Hi,
I am looking for ppo + lstm implementation.
Can someone please help to let me know of available working code in pytorch for ppo + lstm.
Thanks
Hi,
I am looking for ppo + lstm implementation.
Can someone please help to let me know of available working code in pytorch for ppo + lstm.
Thanks
Hi,
I am not sure if it’s too late to answer this but I came across this implementation for ppo with lstm : https://github.com/seungeunrho/minimalRL/blob/master/ppo-lstm.py
and the code is quite simple and easy to follow.
Hope it helps.
Hi @granth_jain
did you find a suitable implementation.
Unfortunately, the one proposed before is not really a good choice. It uses truncated bptt of sequence length 1. The CartPole environment is not a good environment to test if the recurrent policy is working even if you mask out the velocities of the agent’s observation space.

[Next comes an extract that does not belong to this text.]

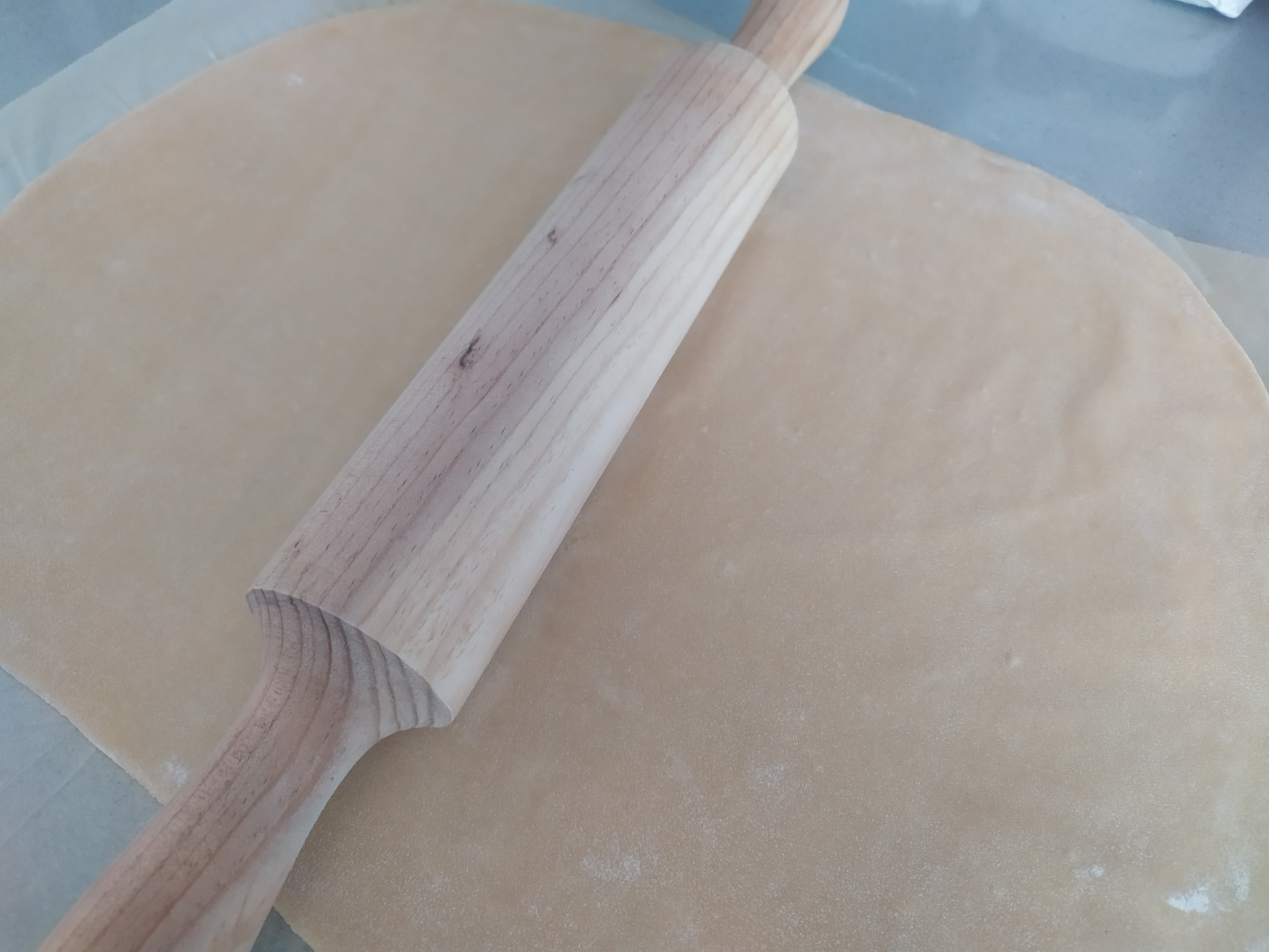 -ahora estiramos la masa encima de un papel de horno enharinado (dejarla bien finita) con la ayuda de un rodillo

Not exactly the wanted solution but a working (not another cartPole project) LSTM implementation. When you increase the sequence_length we feed the model and provide a more complex rewarding in the step function you can test how the model learns to remember sequences and relations in the past: GitHub - svenkroll/simple_RL-LSTM: A simple demonstration of how to train an LSTM model with Reinforcement Learning using PyTorch
Clean baseline repositories
PPO + LSTM (or GRU)
https://github.com/MarcoMeter/recurrent-ppo-truncated-bptt
PPO + Transformer-XL
https://github.com/MarcoMeter/episodic-transformer-memory-ppo
This is entirely supported in torchrl.
Here’s an example with DQN
I know some folks have open source code with PPO and LSTM/GRU
You will find real-life examples in this repo for instance: GitHub - Acellera/acegen-open: Language models for drug discovery using torchrl
Happy to provide more context if needed!